Awesome - I mentioned this 400+ days ago when the platform API was announced! Cool to see it getting rolled out, looking forward to playing around with this.
Heroku should consider using SVG for the badge, just like shields.io and services like Travis CI do. The current button is blurry on a retina screen, and basic SVG is really well supported.
That may be the case, but there's many contexts where you'd use this button where you can't alter the page's CSS. Perhaps the prime example being GitHub READMEs.
I'm not on a retina display but that doesn't look as nice. The letters are so thin they start to disappear even before using the light-purple-on-dark-purple font.
Judging by my windows machine and using just my eyes, yes, it's a little thinner, and no, there's no problem reading it. The faded-grey-ness of the words "to Heroku" is a much bigger legibility problem than the minor change in font weight.
Obviously I never really promoted it and I'm glad to see that Heroku built something official. But maybe someone far in the future will see this comment and remember :)
I think they're still working out the kinks [1], but nevertheless, great when it works. No more 'behind' hosted demos for open-source apps, just let them instantly deploy it and play with it on their own.
Does this support normal Git links? If so, you could simply link to a Gumroad or similar site and have that send a Heroku Button link with a customized git repo where they can deploy from.
I imagine you need to set up your app to use Heroku. It's not very hard but beware that you can't write to the filesystem with Heroku so that would need to be factored in to the functionality of quite a few apps.
You can write to the file system, it's just not persistent across dyno restarts or shared across running dynos. Writing out for in-request work is fine.
Right now buttons only work with source code hosted on GitHub (although the button can be added anywhere). We want to extend that to other source code hosting services, though.
The button only works with GitHub repos at this time, but if you can place the button on other sites by using the ?template= parameter to point back to the GitHub repo. If you would like to have an app.json in a non-GitHub repo (or any source in a tarball for that matter), you can use the app-setup API (https://devcenter.heroku.com/articles/platform-api-reference...) to do the deployment.

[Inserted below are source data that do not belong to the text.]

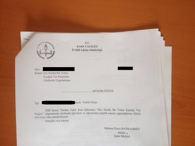 İHH tarafından yürütülen ‘Her sınıfın yetim bir kardeşi var’ projesi kapsamında Kars’taki liselere Valilik onaylı yazı gönderildi. Yazıda İHH’nın sınıflarda sunum yapılmasına izin verildiği ifade ediliyor.
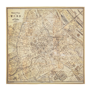A print of a vintage map of Vienna, inspired by World War Two scarves that featured maps to help airmen navigate their way to safety if they were shot down. The map is no longer accurate, but that is what map functions are for on mobile phones. We thought it would be perfect for a bandana, or a generous pocket square, 48cm by 43cm.
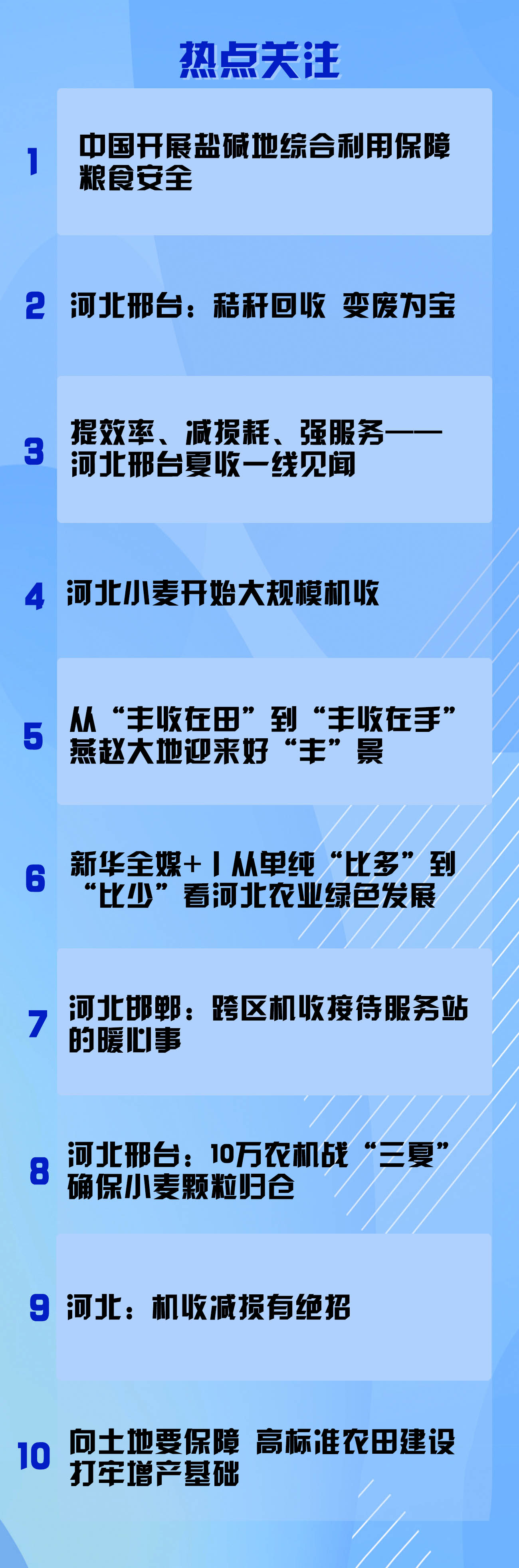 目前,产粮大省河北夏收进入尾声,丰收已成定局。记者在河北多地采访了解到,河北聚焦农业生产关键环节,从生产、机收、储存等方面,为“丰收在田”转化为“丰收在手”提供保障,确保小麦颗粒归仓。(新华社记者郭雅茹、赵鸿宇)
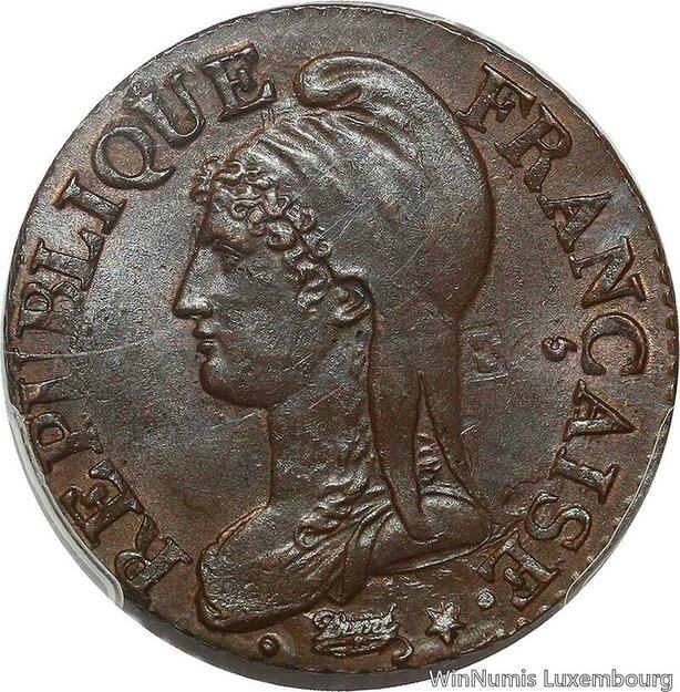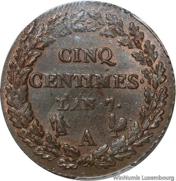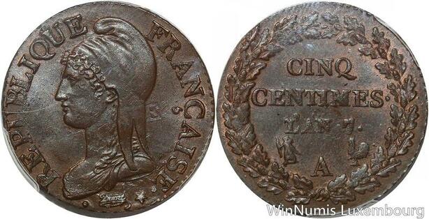 P0437 Unique 5 Centimes Dupré refrappage decime AN 7/5 A PCGS MS64 SPL+
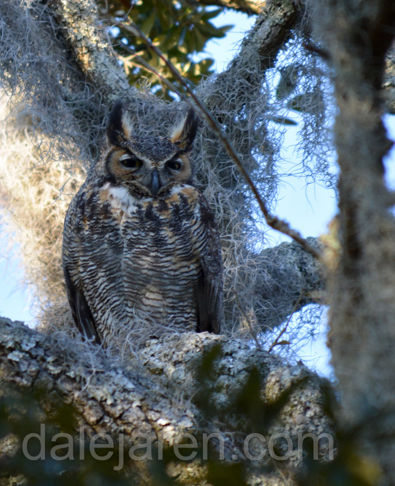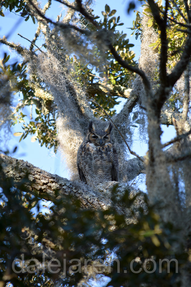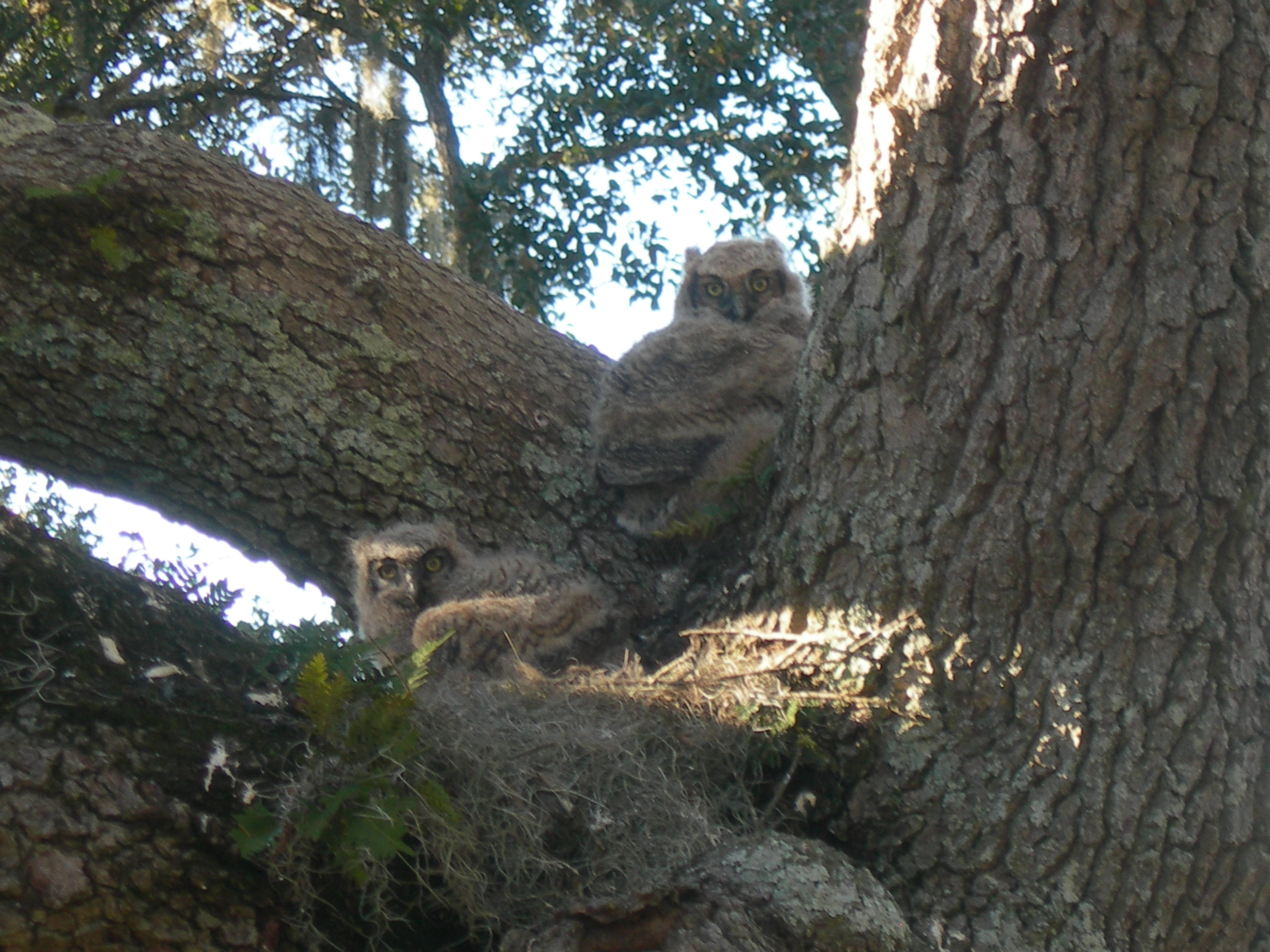 Sure enough. A Great Horned Owlet is just sitting there next to a pine tree, out in the open, in total and complete site!
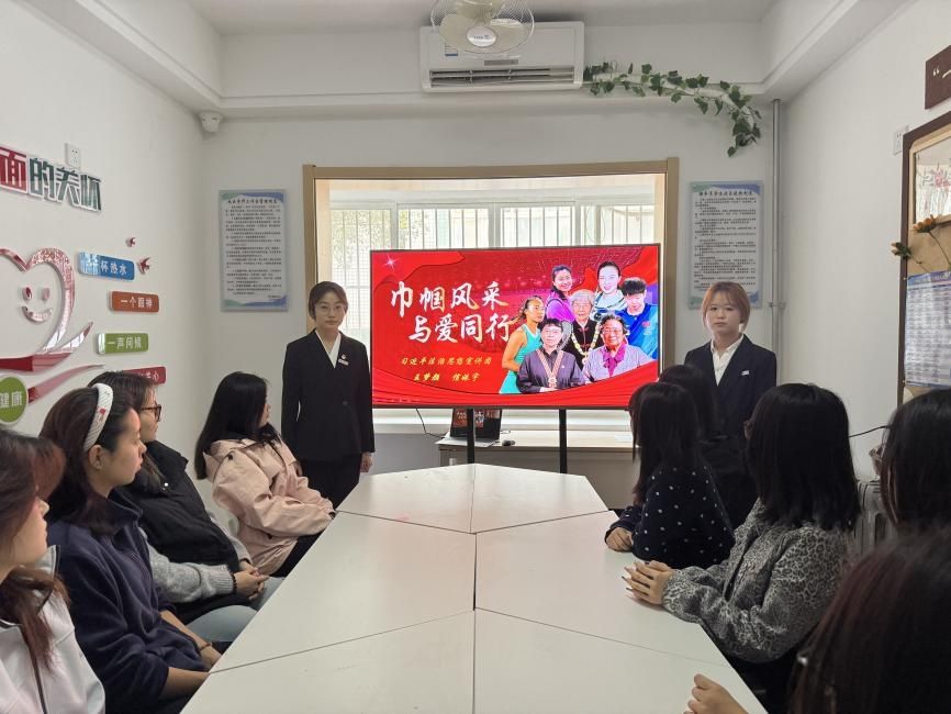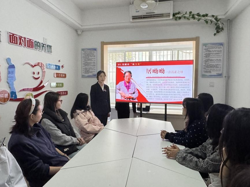在“闪耀的她力量”分享环节,信姝宇同学讲述了屠呦呦、黄文秀、樊锦诗、张桂梅等杰出女性的感人故事,她们在多个领域坚守初心、无私奉献,用行动诠释了新时代女性自尊、自信、自立、自强的精神内核。
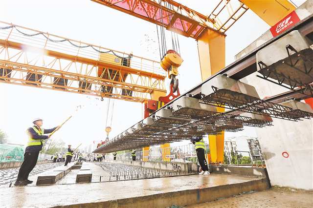 图为4月19日上午10时许,轨道交通6号线东延工程正线百乐园铺轨基地,首段轨道成功铺筑。记者 罗斌 摄/视觉重庆
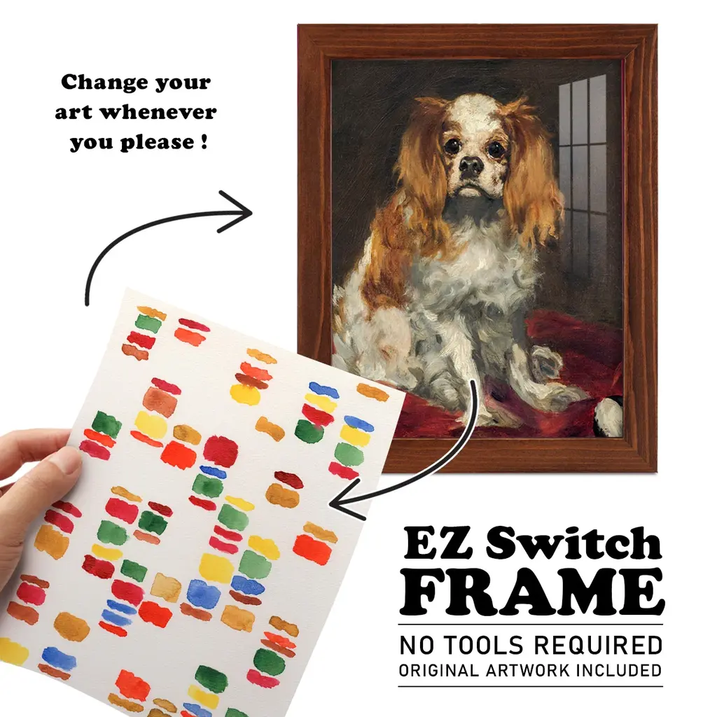 Colorful Code I -EZ SWITCH Framed Print w/glass-Cherry Red A delightful, framed print. Featuring a solid wood frame with real wood glass. This premium print is giclee quality. In addition, every frame features a removable back and table top stand. This allows you to change your art in the future or to just stand the art on a table for a new look. We are sure you'll enjoy our new series of EZ SWITCH Framed Art. Solid Wood Frame Real Glass Removable / Replaceable Art Built in Tabletop Stand Sizes range from 4x6 up to 12x15 - buy just one or pair them up as sets as you see fit.
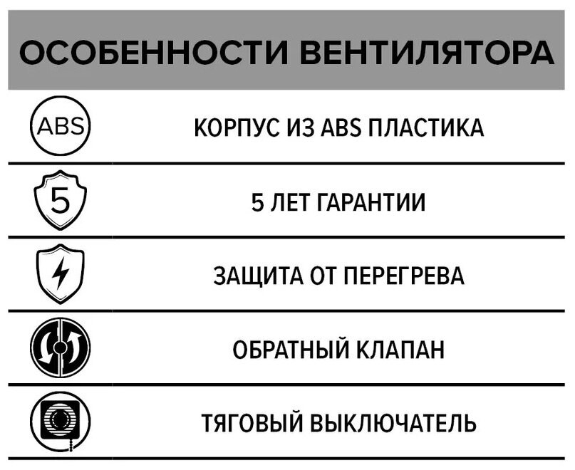 Вентилятор осевой вытяжной ERA (Эра) QUADRO 4C-02 с обратным клапаном и шнуровым выключателем для ручного включения и выключения устройства. Предназначен для удаления неприятных запахов и лишней влаги из туалетных, ванных комнат, а также из других небольших помещений, нуждающихся в вентиляции. Подключается специалистами к однофазной сети электричества.
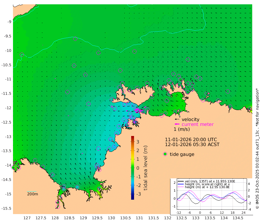 121cm/s -101T +4cm/s rms + 6cm/s 51T. Darwin_C1 52m 84cm/s -90T +4cm/s rms + 7cm/s -161T. Darwin_CW1 22m 77cm/s -106T +4cm/s rms + 8cm/s 61T. Darwin_CW2 34m 48cm/s -132T +3cm/s rms + 9cm/s 98T. Darwin_CW3 22m 117cm/s -91T +5cm/s rms + 7cm/s 88T. Darwin_C3 56m 74cm/s -115T +2cm/s rms + 9cm/s -126T. Darwin_CTbW 22m 3cm/s -121T +9cm/s rms + 2cm/s -110T. NWSLYN 196m 41cm/s -94T +1cm/s rms + 1cm/s -47T. DARBGF 30m 2cm/s 29T +7cm/s rms + 2cm/s -137T. ITFTIS 464m 12cm/s 4T +9cm/s rms + 1cm/s 74T. ITFMHB 146m 18cm/s -9T +4cm/s rms + 1cm/s -134T. ITFJBG 61m 14cm/s -26T +6cm/s rms + 4cm/s 121T. ITFFTB 108m 34cm/s -67T +4cm/s rms + 3cm/s 80T. NRSDAR 19m 14cm Carronade Island 12cm Guy Point 17cm Napier Broome Bay -51cm Lesueur Island -92cm Reveley Island -40cm Rocky Island -121cm Cape Domett -118cm Lacrosse Island -115cm Adolphus Island -43cm Pender Point -29cm Wyndham -53cm The Boxers -58cm Unnamed Shoal -23cm Loxton Shoal -139cm Pelican Island -56cm Calder Shoal -34cm Evans Shoal -130cm Quoin Island -149cm Port Keats -134cm Jones Point -120cm Catfish Island -144cm Cape Scott Offshore -116cm Cape Ford -158cm Anson Bay -40cm Goodrich Bank -148cm Peron Island North -137cm Point Jenny -134cm Native Point -145cm Fish Reef -149cm Tapa Bay -105cm Point Fawcett (Offshore) -148cm Burge Point -142cm Munkunuwa -124cm Beagle A -151cm Parsons Bank -144cm Fenton Patches -32cm Lynedoch Bank -147cm Hancox Shoal Area -164cm Nightcliff -162cm Darwin -154cm Charles Point Patches -106cm Glyde Point -73cm Chambers Bay -56cm Point Stuart -89cm Cape Hotham -64cm Christine Reef -56cm West Alligator Head -34cm East Field Island -71cm Two Hills Bay -97cm Newby Shoal -59cm Camp Point -150cm Medina Inlet South -92cm South Barlow Point -76cm St. Asaph Bay -44cm Cape Van Dieman -52cm Snake Bay -49cm Cache Point -12cm Echo Shoal -55cm Point Jahleel (Off) -70cm Cape Don -55cm Port Essington -61cm Smith Point - West -55cm NW Peacock Island -57cm North Of Jones Shoal -20cm Peacock Island -54cm Point David -60cm D'urville Point -45cm Money Shoal -54cm Copeland Island -77cm Cape Cockburn -59cm One Tree Point -60cm Hogmany Shoal -56cm New Year Island - West -57cm Grant Island -61cm Aurari Bay -58cm Cuthbert Point -64cm North Goulburn Island -54cm Paxie Shoal -58cm Entrance Island -57cm Yabooma Island
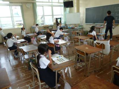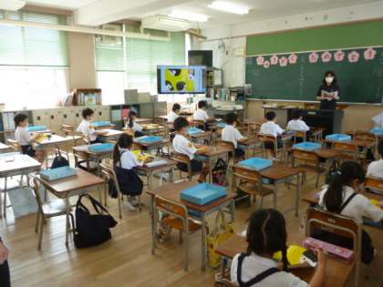 今日も2つに分かれての授業です。いろいろな教科の授業が始まりました。
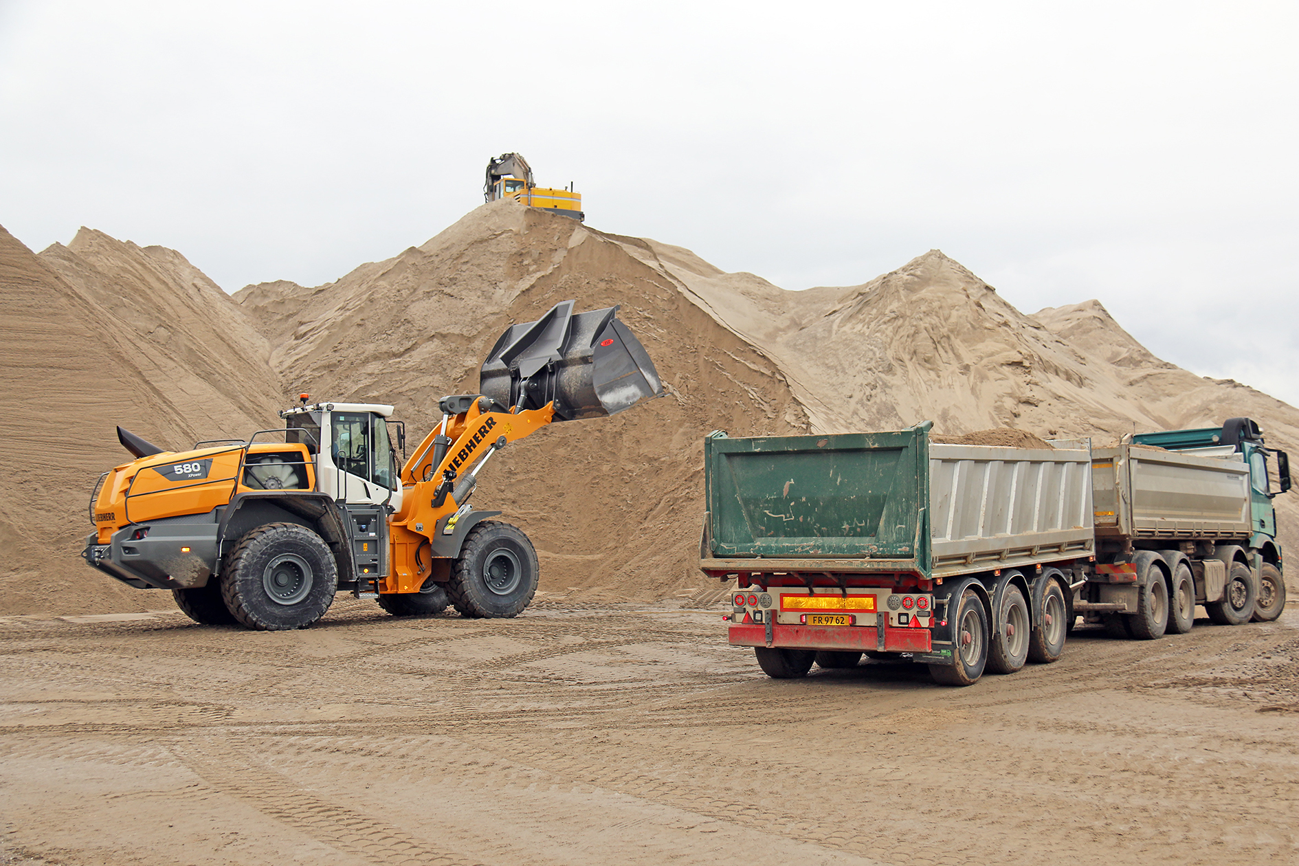 Det er Liebherr-læsseren, der tager den store tørn, når der skal flyttes materialer rundt i Kliplev Grusgrav og læsses på bilerne, der ruller hen over brovægten i en stadig strøm.
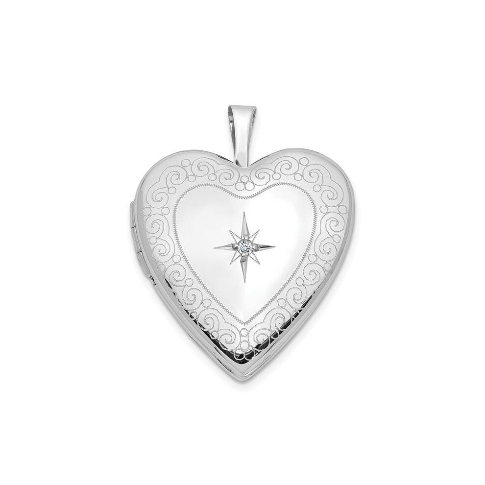 14K White Gold 0.01CT Diamond 15 mm Heart Locket
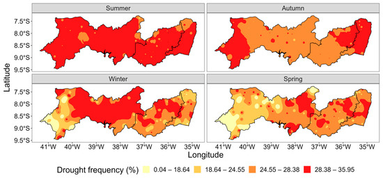 The drought frequency distributions on a seasonal scale (obtained from the SPI-3 values) are presented in Figure 3, for summer (December–February), autumn (March–May), winter (June–August), and spring (September–November). Here, the k-means clustering method [90] was used again to divide the range between the maximum and minimum values of the drought frequency into four intervals. During the summer, Pernambuco experienced high drought frequencies in practically its entire territory, with percentages that varied between 24.55% and 35.95%, achieving an average of 29.93%. During autumn, higher frequencies were observed in the extremes of Pernambuco (west of the Sertão, east of the Agreste, and in almost the entire Zona da Mata), and the percentages varied between 24.18% and 34.64%, with an average of 29.52%; while, during the winter, there was a higher frequency of droughts in the central region of the Sertão, with variation between 17.64% and 34.64% and a mean value of 25.29%. During spring, the frequency of drought varied between 22.22% and 35.29% (with an average of 27.53%), and most of the territory exhibited lower drought frequencies in comparison to the other seasons.
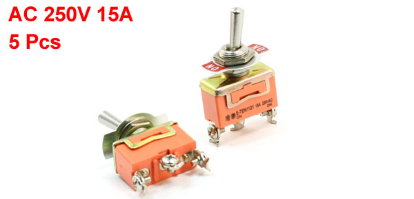 Product Name Toggle Switch Rating AC 250V 15A Pin Number 3 Terminals Position 2 Position (On/On) Type SPDT, Latching Screw Diameter 12mm/0.47" Total Size(Approx.) 5.5 x 2.8 x 1.3cm / 2.2" x 1.1" x 0.5"(L*W*T)
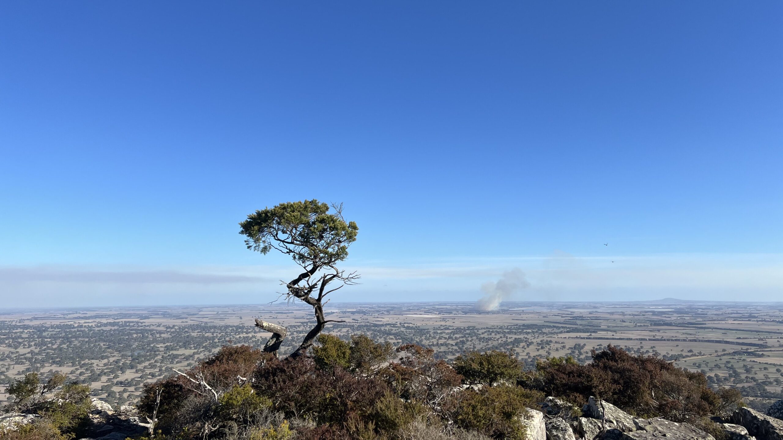 Man erkennt auch einige Buschfeuer in der Ferne, die aber wahrscheinlich zu den kontrolliert angelegten Feuern gehören. Im Gegensatz dazu haben Buschbrände natürlichen Ursprungs (ausgelöst durch Blitzeinschläge) in den letzten 3 Monaten gut 1.300 Quadratkilometer Fläche in den Grampians zerstört, d.h. fast 70% des Nationalparks! 😧 Auch einige Ortschaften wurden dabei schwer in Mitleidenschaft gezogen, Menschen und Tiere sind zu Tode gekommen, Häuser und landwirtschaftliche Einrichtungen wurden zerstört…
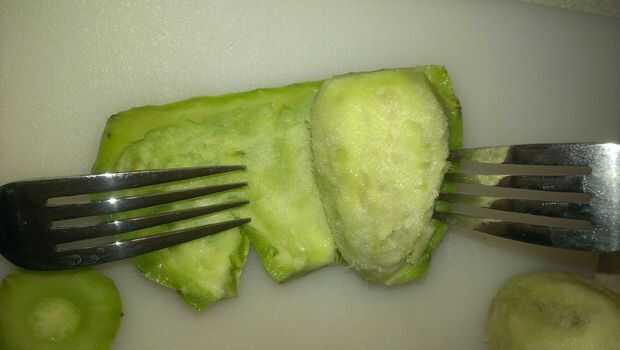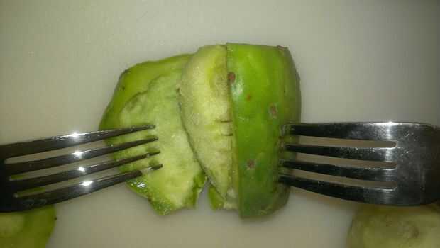 En este punto puede seguir Pele la fruta con las horquillas, o mantener la piel con un tenedor mientras usted saca el fruto con los dedos.
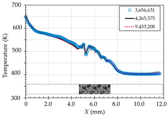Mesh systems at 3.66 × 106, 4.27 × 106, and 9.43 × 106 elements have been generated for the double-wall configuration with the Gyroid design to assess mesh independence at the BR = 1.0. Figure 6 plots the local temperature in the middle of the hot-side surface of the external plate for different mesh numbers. It could be observed that all mesh systems provide almost identical temperature distributions. The variations in the average temperature in 3.66× 106 and 4.27 × 106 elements compared to the 9.43 × 106 elements are 0.29% and 0.18%, respectively.

Right now buttons only work with source code hosted on GitHub (although the button can be added anywhere). We want to extend that to other source code hosting services, though.
The challenge is that we have to resolve the [app.json][1] file to generate the deploy UI.
> Note that the snippet is repo-agnostic: It can be copy-pasted without modification and will work correctly if forked to a different repo. Heroku resolves the repo originating a button click by inspecting the referer header.
Is the referer reliable enough on modern browsers to assume this? Perhaps coming from an analytics perspective, we see all types of query-string hacks so that you can attribute the sources of links everywhere... so it's surprising to see a company depend on this functionality in a product. I suppose almost all developers would be using a browser that correctly sends referer headers... is this the case?
They do mention an alternative where you can set stuff in the query string. I'd probably rather do that instead. Especially since you could easily end up putting that button out of the context of your repo at some point and have it end up completely broken.
But if I fork a repo with a button (or even navigate to different branch/commit in same repo), a manually set query string would still point to the same code.
Whereas the referer headear can identify exactly the right version briliantly.
This is amazing, it's a simple app but https://github.com/aaronbassett/Bad-Tools only needed 1 single line change to work. Really impressed although I do need to read up more on the app.json schema.
> This is extremely clever. One of the reasons WordPress took off was the easy, non-technical install process.
Ironically Wordpress is a pain in the ass to deploy on "non persistent/deploy with git" PAAS.And uploading plugins directly through the admin is a no go in these cases.
Worpdress wouldnt deploy directly with that one click install,given the fact the configuration is hardwritten on the disk.It would need some refactoring.
You'd need at least to enter some env variables to make things work,and the app would need to detect the db state and run migrations,if not properly initalized,when using a RDBMS(since again,sqlite is out of question on Heroku).
All the same that Wordpress could easily adopt using environmental variables for configuration values to achieve this and simply use a heroku-ified version of config.php. I've used this approach for scaling wordpress sites and its never failed me.
Anyone else having a lot of problems getting it to work. I keep getting a "Something went wrong" message with no additional information. Even if I create a minimum viable app.json, nothing seems to work.
Kudos, now that's good business: it benefits both the company (because once you're there and it works, you're less likely to switch to another host) and the users who want to quickstart something.